However, under the condition of too many barrages, the blocked video content is more, and the watching effect is influenced. In order not to influence the live broadcast watching, most users generally select to shield the bullet screen characters on the live broadcast picture, but the users select the bullet screen shielding mode, so that the bullet screen used for interaction cannot be presented on the live broadcast picture, and the interactivity of a live broadcast room is reduced.

Disclosure of Invention

Aiming at the problem that the viewing effect is influenced by too many bullet screens at present, a mask file structure, a mask file reading method, computer equipment and a readable storage medium aiming at the condition that the viewing effect of a user is not influenced are provided.

A mask file structure comprising: at least one mask frame data segment, an identification unit and an index unit; wherein,

the mask frame data section is used for recording at least one frame of mask frame data;

the identification unit is arranged at a first preset position in the mask file and is used for recording file identification, the coding format of the mask frame data segment and the size parameter of the index unit;

the index unit is arranged at a second preset position in the mask file and used for recording and indicating the physical position of each mask frame data segment and the length parameter of the mask frame data segment in the mask file.

Preferably, the mask frame data segment is composed of at least one mask frame data arranged according to a time sequence of timestamps of the mask frames according to a preset time length.

Preferably, the mask frame data includes a width, a height, a time stamp and frame data of the mask frame.

Preferably, the first preset position is a head of the mask file; the second preset position is located behind the first preset position.

Preferably, the identification unit is further configured to record a version number of the mask file.

Preferably, the length parameter is a length from a start mask frame to an end mask frame of the mask frame data segment.

Preferably, the physical location is a time stamp of a starting mask frame of the mask frame data segment.
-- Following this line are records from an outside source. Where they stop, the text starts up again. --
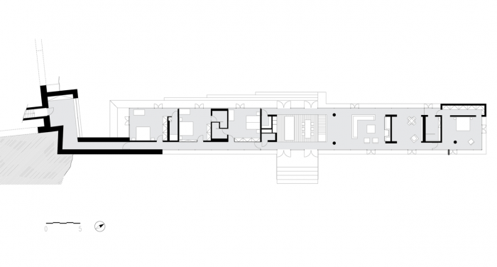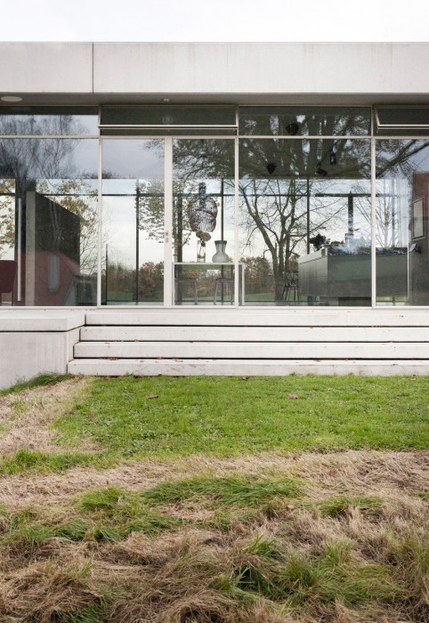 Samotná novostavba je navržena v modulu 1200 mm a je tvořena téměř celoproskleným hlavním obytným podlažím, které sedí na suterénním soklu s technickým a provozním zázemím objektu. Zatímco ten má obklad z místního kamene, konstrukční souvrství podlahy a střechy přesahují po celém obvodu do prostoru o 600 mm a jsou krytá prefabrikovanými betonovými dílci.
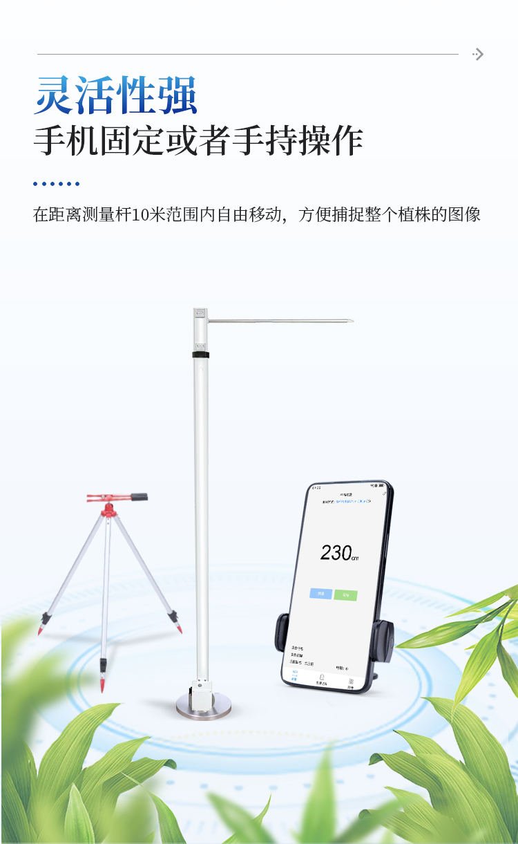 5、灵活性强 - 手机可以固定或者手持操作,测量过程中可在距离测量杆最远10米范围内自由移动,方便捕捉整个植株的图像。
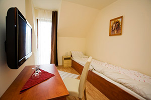Házunk 7 db 2 ágyas tágas, világos szobával rendelkezik. A szobák ablakai a lovak karámjaira engednek kilátást, így valóban a természet közvetlen közelében érezheti magát a kikapcsolódni vágyó. Szobáink televízióval, klímával, zuhanyzós fürdőszobákkal felszereltek.
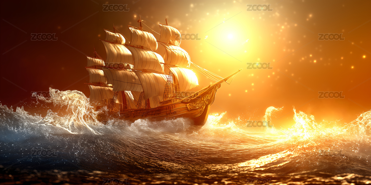 梦幻, 唯美, 帆船, 静谧, 宁静, 光芒, 未来, 日出, 海洋,金色
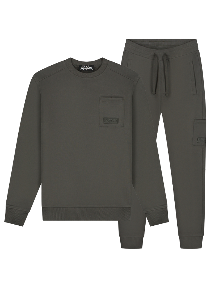 Deze stoere combi-set bestaat uit een sweater met borstzak en bijpassende joggingbroek in een frisse vintage groene kleur. De sweater heeft een ronde hals met geribde boorden, raglanmouwen en een opvallende borstzak met tonal Malelions-label. De joggingbroek beschikt over een elastische tailleband met trekkoord, twee steekzakken en een zijzak op het bovenbeen. Beide items zijn uitgevoerd in zachte sweatstof die je de hele dag comfortabel draagt. Perfect voor je sportieve streetwear look waarbij stijl en comfort samenkomen.
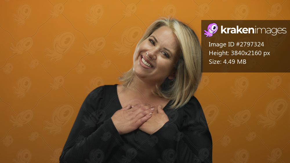 Smiling young blond woman in black blouse places hand on chest in orange studio; gratitude sincerity.
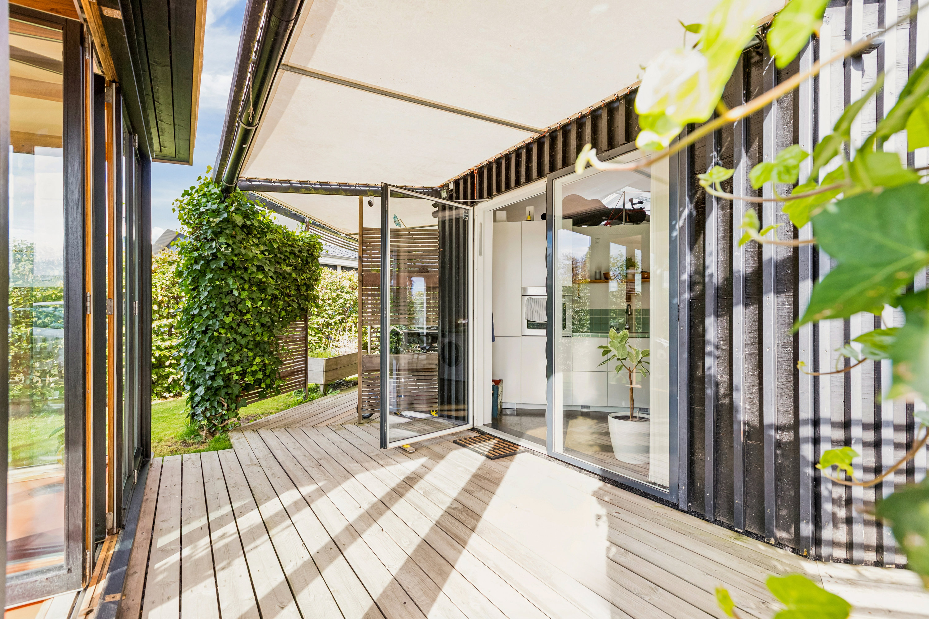 Ikke mindst i sommerhalvåret. Boligen kan i alle retninger åbnes mod haven og mod træterrassen, der følger huset hele vejen rundt.

The invention also provides a method for reading the mask file, which comprises the following steps:

acquiring the coding format of the mask frame data segment and a size parameter indicating an index unit;

reading the index unit according to the size parameter, and acquiring the physical position of each mask frame data segment and the length parameter of the mask frame data segment in the mask file;

and reading the mask frame data segment according to the coding format, the physical position and the length parameter.

Preferably, the step of obtaining the coding format of the mask frame data segment and the size parameter indicating the index unit includes:

and acquiring the coding format of the mask frame data segment and the size parameter of the indication index unit in the identification unit of the mask file.
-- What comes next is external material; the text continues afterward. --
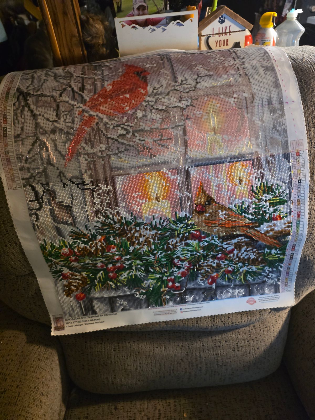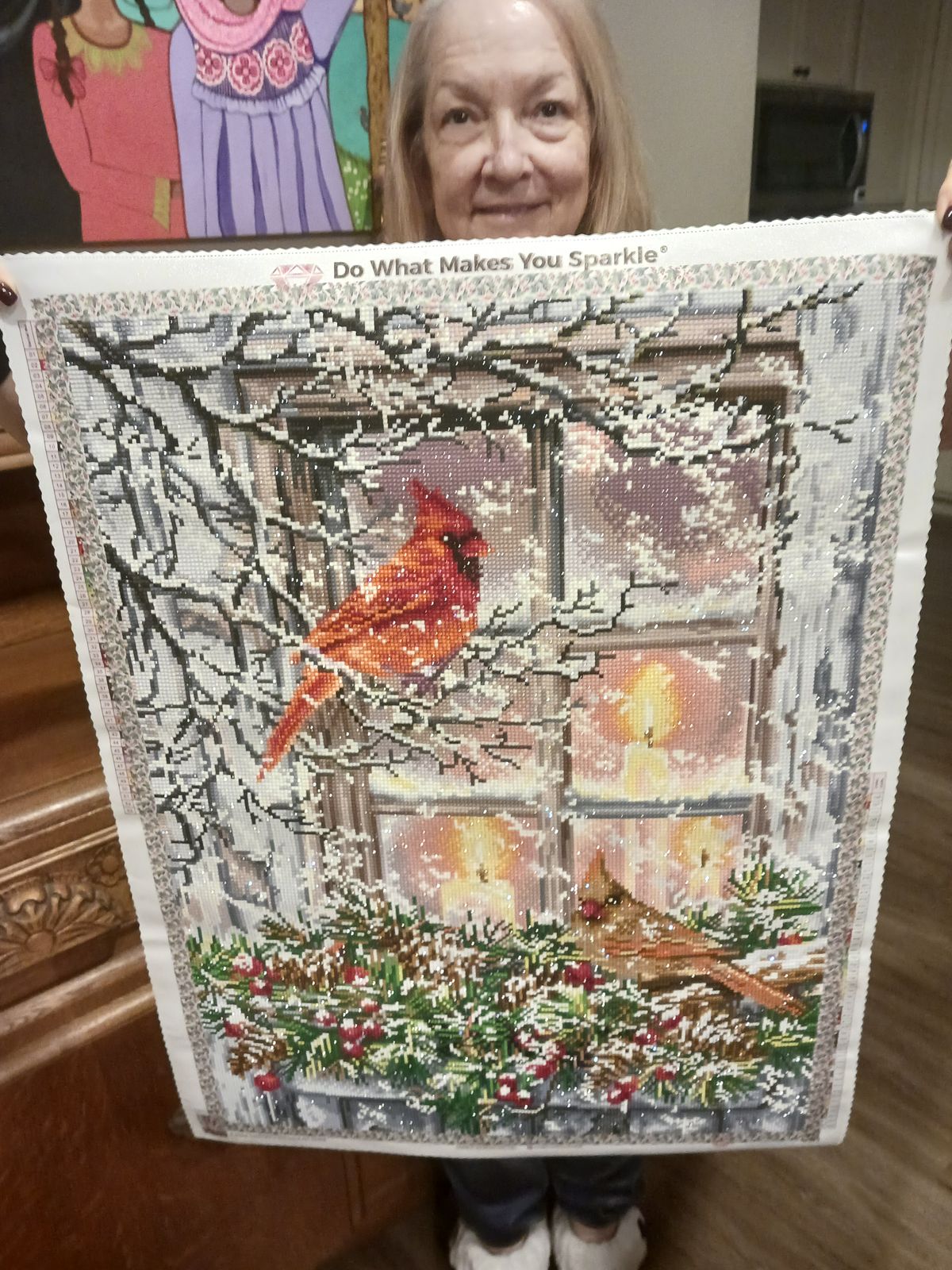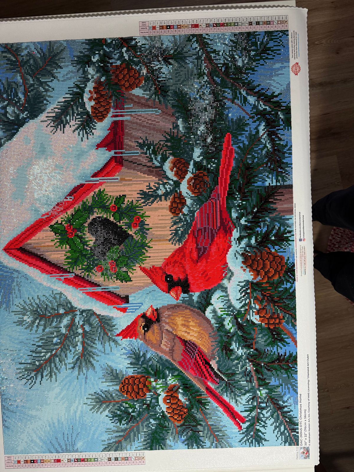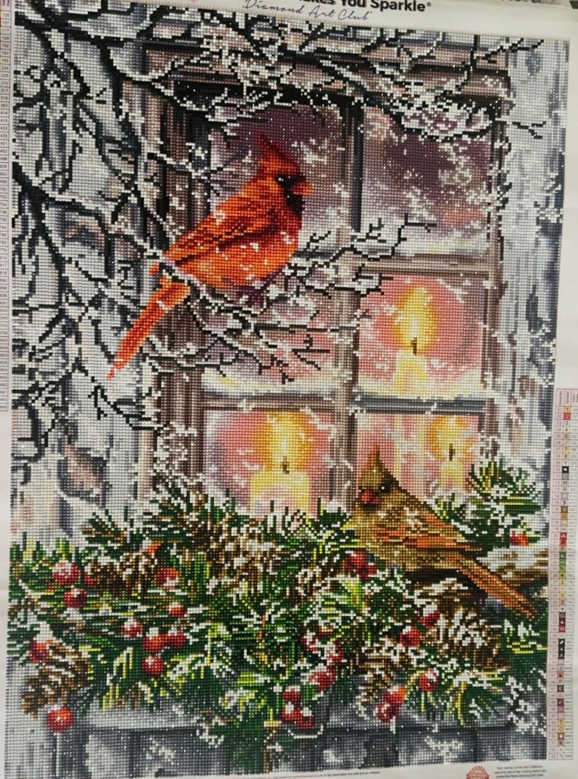 This diamond painting turned out beautiful!!!!!!!i will be leaving it up all winter long. I have purchaced diamond art club sparkley gem and i added it my project, and made it mine, so its extra sparkley.
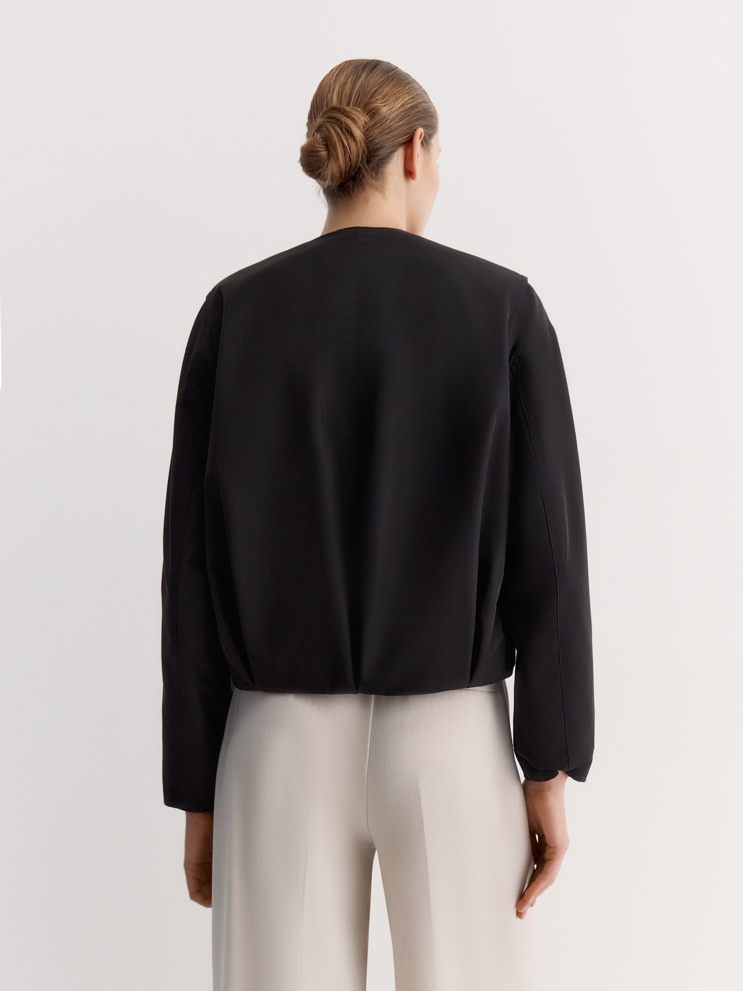 Короткая куртка из смесовой ткани с высоким содержанием гребенного хлопка и вискозы – лёгкая, но плотная, удобная и с интересными деталями. Сшита из дышащей ткани, которая приятна к телу, а полная поливискозная подкладка делает носку комфортной.

Preferably, the step of reading the mask frame data segment according to the encoding format, the physical location and the length parameter includes:

and calculating the time stamp of the initial mask frame of the mask frame data segment corresponding to the current playing time in the index unit according to the encoding format and the length parameter according to the current playing time stamp, and acquiring the physical position of the corresponding mask frame data segment according to the time stamp of the initial mask frame.

The invention also provides a computer device comprising a memory, a processor and a computer program stored on the memory and executable on the processor, the processor implementing the steps of the method when executing the computer program.
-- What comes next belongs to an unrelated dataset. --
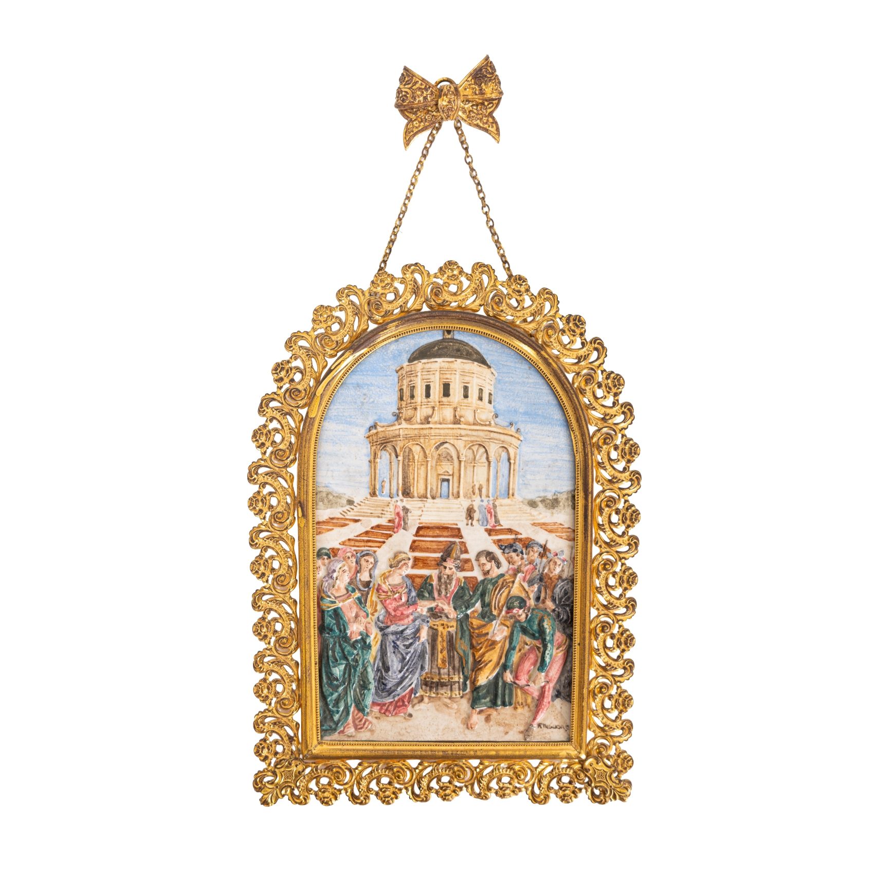 Placa en porcelana italiana de estilo Capodimonte con representación esmaltada de «Los Desposorios de la Virgen» de Raffaello Sanzio (Urbino, Italia, 1483-Roma, Italia, 1520). Firmada F. Migliore. Enmarcada en metal dorado.

The invention also provides a computer-readable storage medium, on which a computer program is stored which, when being executed by a processor, carries out the steps of the above-mentioned method.

The beneficial effects of the above technical scheme are that:

according to the technical scheme, the mask file can be used for rapidly positioning the mask frame data through the index unit, the condition that the mask frame data need to be read frame by frame is avoided, and the purpose that the mask frame data corresponding to the playing time can be rapidly positioned when a client user pulls the video progress bar is ensured. When the video is played, the area corresponding to the mask frame in the mask frame data segment, the barrage information and the frame image of the video can be drawn on the screen, so that the barrage information is displayed in the area outside the area corresponding to the mask frame, the purpose of avoiding the main area in the video from being covered during playing is achieved, and the watching effect of a user is improved.

Drawings

FIG. 1 is a block diagram of one embodiment of a mask file reading system according to the present invention;

FIG. 2 is a schematic structural diagram of an embodiment of a mask file structure according to the present invention;

FIG. 3 is a flowchart of a method of an embodiment of a method for reading a mask file according to the present invention;

FIG. 4 is a flowchart of a method of displaying bullet screen information according to an embodiment of the present invention;

FIG. 5 is a flowchart of a method for identifying a subject region of a frame image in a video to generate mask frame data segments according to an embodiment of the present invention;

FIG. 6 is a flowchart of a method of one embodiment of a method of obtaining mask frame data according to the present invention;

FIG. 7 is a flowchart of a method for identifying a subject region of a frame image in a video using a semantic segmentation model according to an embodiment of the present invention;

FIG. 8 is a flowchart of a method for identifying a subject region of a frame image in a video using a semantic segmentation model according to another embodiment of the present invention;

FIG. 9 is a flowchart of a method for identifying a subject region of a frame image in a video using an example segmentation model according to one embodiment of the present invention;

FIG. 10 is a flowchart of a method of another embodiment of the method of acquiring mask data of the present invention;

FIG. 11 is a flowchart of a method for rendering an area corresponding to a mask frame in a mask frame data segment, bullet screen information, and a frame image of a video on a screen according to an embodiment of the present invention;

FIG. 12 is a flowchart of a method of an embodiment of a method for rendering a bullet screen mask of the present invention;

FIG. 13 is a block diagram of an embodiment of a system for reading a mask file according to the present invention;

fig. 14 is a schematic hardware configuration diagram of a computer device for executing a method for reading a mask file according to an embodiment of the present invention.

Detailed Description

The advantages of the invention are further illustrated in the following description of specific embodiments in conjunction with the accompanying drawings.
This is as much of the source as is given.